LISTED RECORDS →

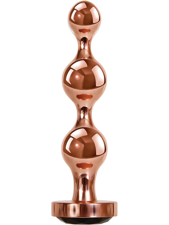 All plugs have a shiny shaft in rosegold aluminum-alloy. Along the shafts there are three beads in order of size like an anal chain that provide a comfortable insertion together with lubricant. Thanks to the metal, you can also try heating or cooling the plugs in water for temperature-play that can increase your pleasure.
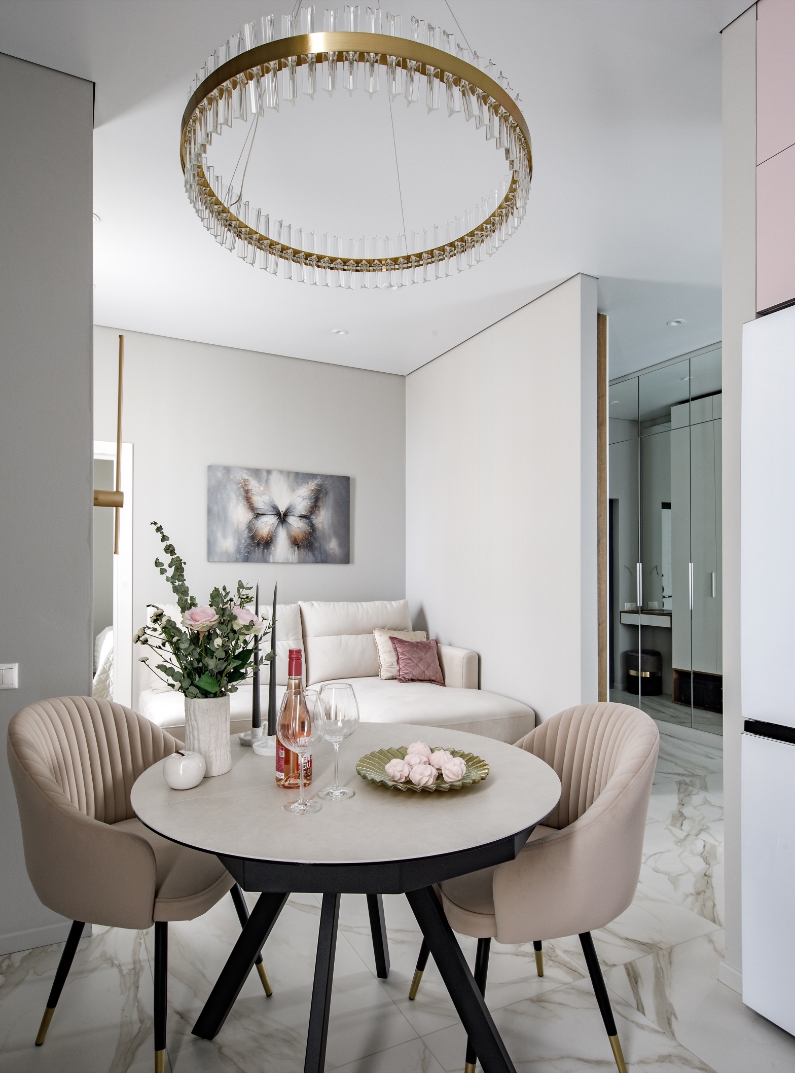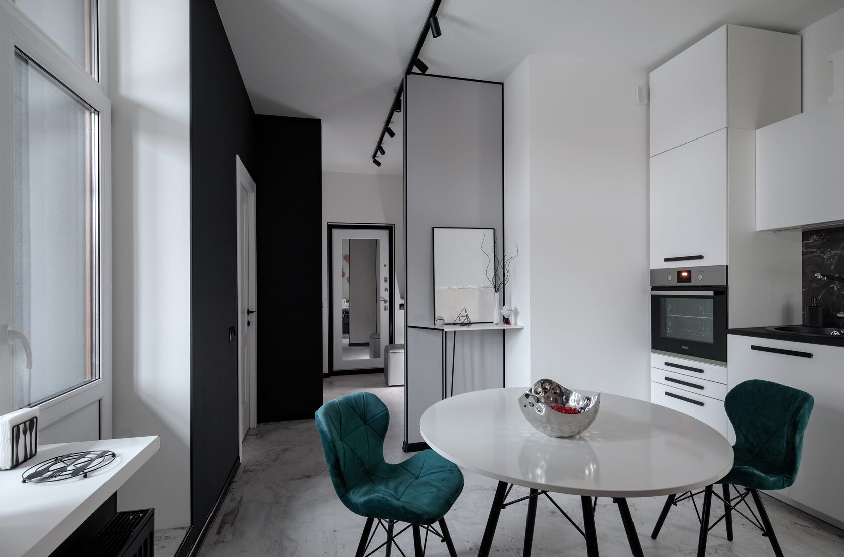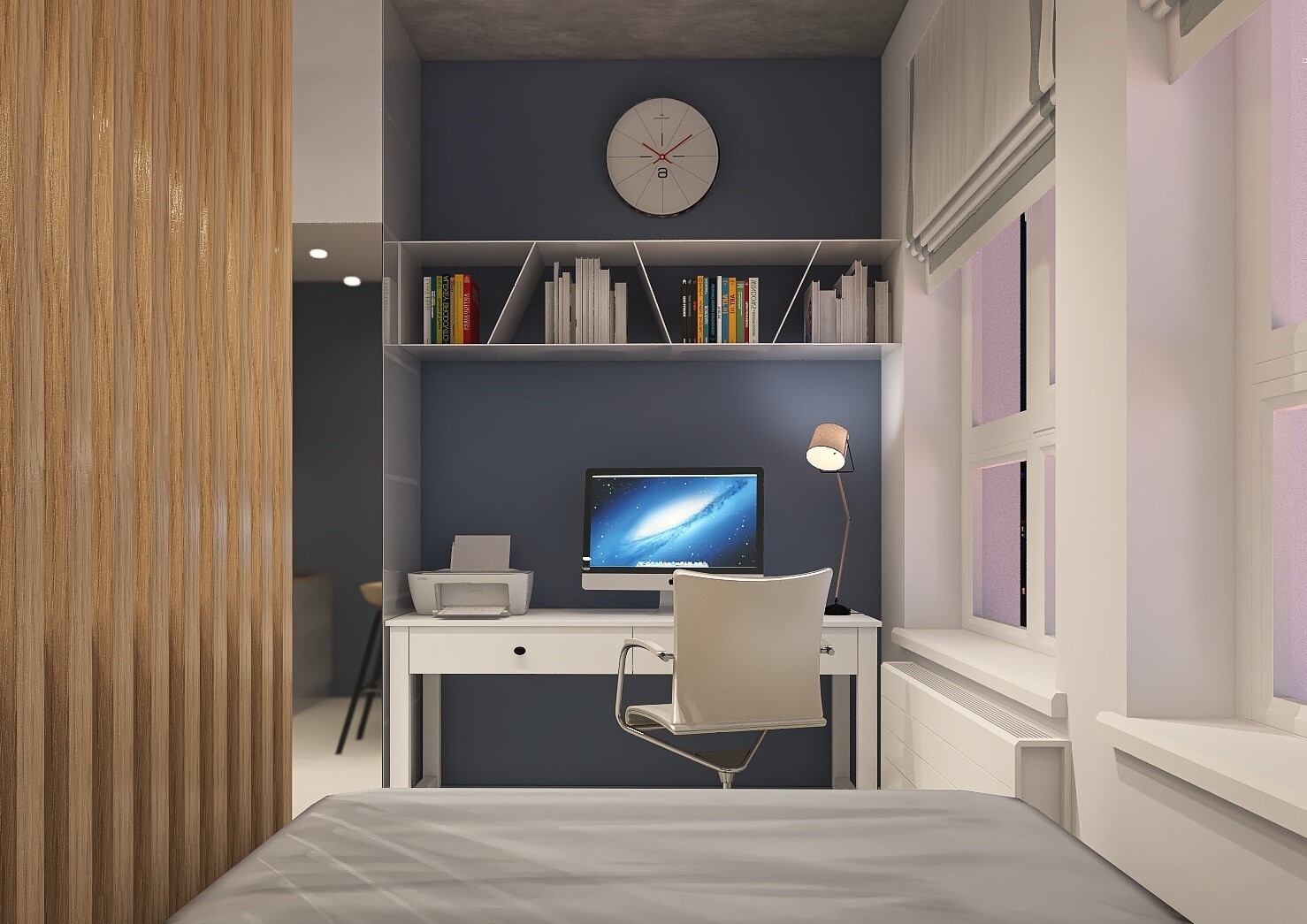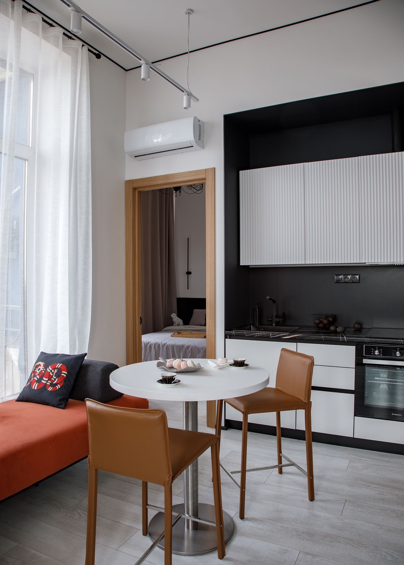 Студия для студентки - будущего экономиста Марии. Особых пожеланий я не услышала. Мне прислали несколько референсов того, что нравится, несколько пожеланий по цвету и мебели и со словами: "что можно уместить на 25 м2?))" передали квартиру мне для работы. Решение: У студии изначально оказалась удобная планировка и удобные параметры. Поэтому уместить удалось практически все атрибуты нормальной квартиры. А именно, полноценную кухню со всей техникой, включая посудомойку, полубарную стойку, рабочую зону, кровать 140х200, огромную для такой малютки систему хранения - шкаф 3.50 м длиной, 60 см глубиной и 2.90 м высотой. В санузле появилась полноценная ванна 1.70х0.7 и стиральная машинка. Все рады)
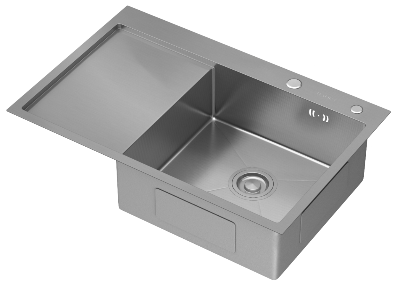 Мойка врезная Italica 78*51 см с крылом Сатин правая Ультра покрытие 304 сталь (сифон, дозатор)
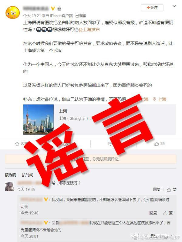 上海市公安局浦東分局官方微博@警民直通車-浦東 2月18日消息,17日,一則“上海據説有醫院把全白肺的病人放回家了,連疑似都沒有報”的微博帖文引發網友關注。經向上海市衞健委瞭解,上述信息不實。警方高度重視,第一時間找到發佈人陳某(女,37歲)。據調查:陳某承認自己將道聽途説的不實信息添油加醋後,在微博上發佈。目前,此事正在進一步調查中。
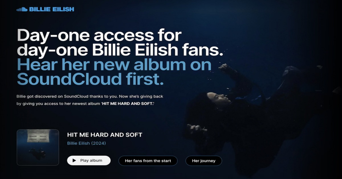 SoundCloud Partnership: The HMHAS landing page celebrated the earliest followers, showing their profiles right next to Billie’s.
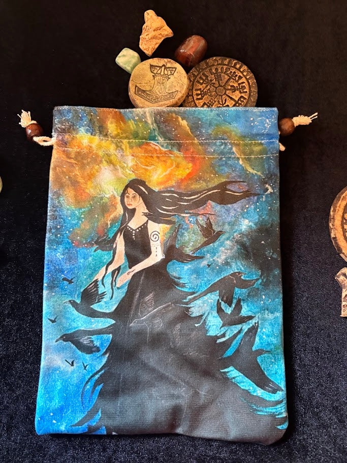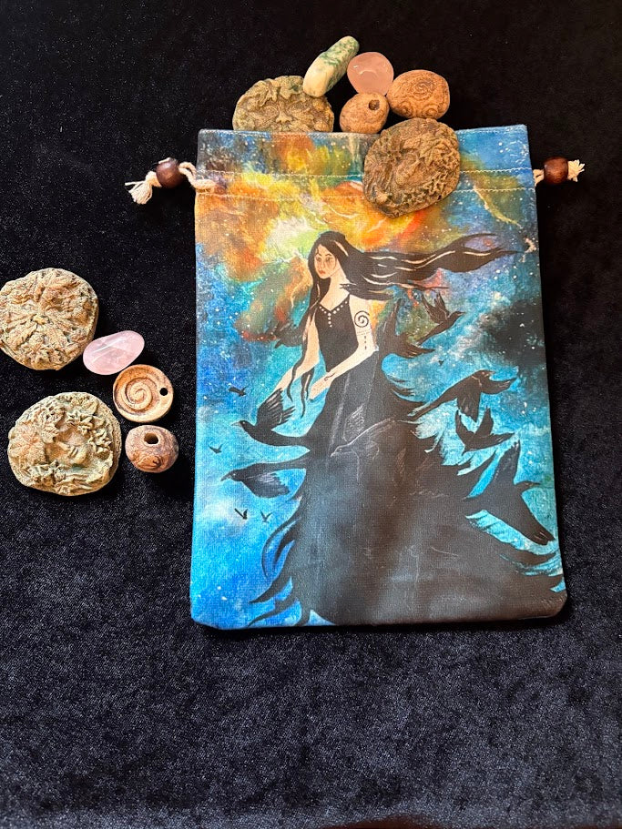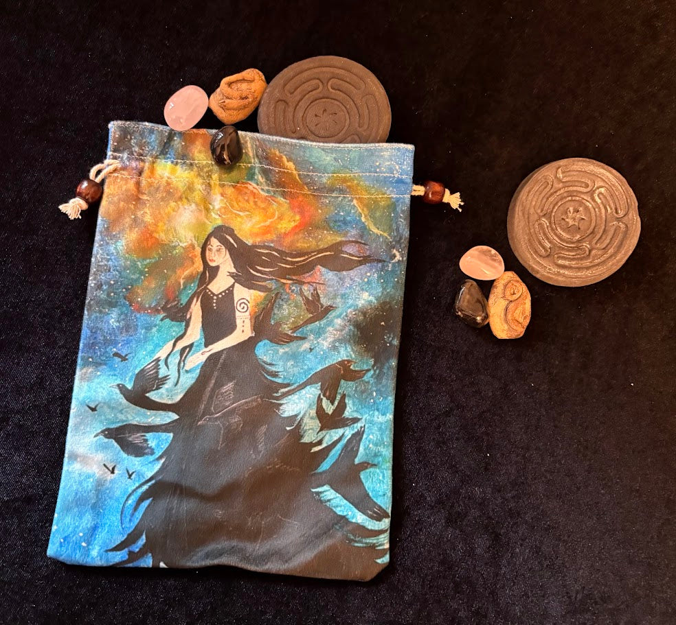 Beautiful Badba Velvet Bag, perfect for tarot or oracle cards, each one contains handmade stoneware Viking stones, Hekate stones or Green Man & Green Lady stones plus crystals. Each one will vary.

WORK INSTRUCTION →
Please transcribe exactly the part of the records that opens with the line containing "上海市公安局浦東分局官方微博" and closes with the line containing "SoundCloud Partnership: The", both ends included, and leave out the pictures.

THE ANSWER →
 上海市公安局浦東分局官方微博@警民直通車-浦東 2月18日消息,17日,一則“上海據説有醫院把全白肺的病人放回家了,連疑似都沒有報”的微博帖文引發網友關注。經向上海市衞健委瞭解,上述信息不實。警方高度重視,第一時間找到發佈人陳某(女,37歲)。據調查:陳某承認自己將道聽途説的不實信息添油加醋後,在微博上發佈。目前,此事正在進一步調查中。
 SoundCloud Partnership: The HMHAS landing page celebrated the earliest followers, showing their profiles right next to Billie’s.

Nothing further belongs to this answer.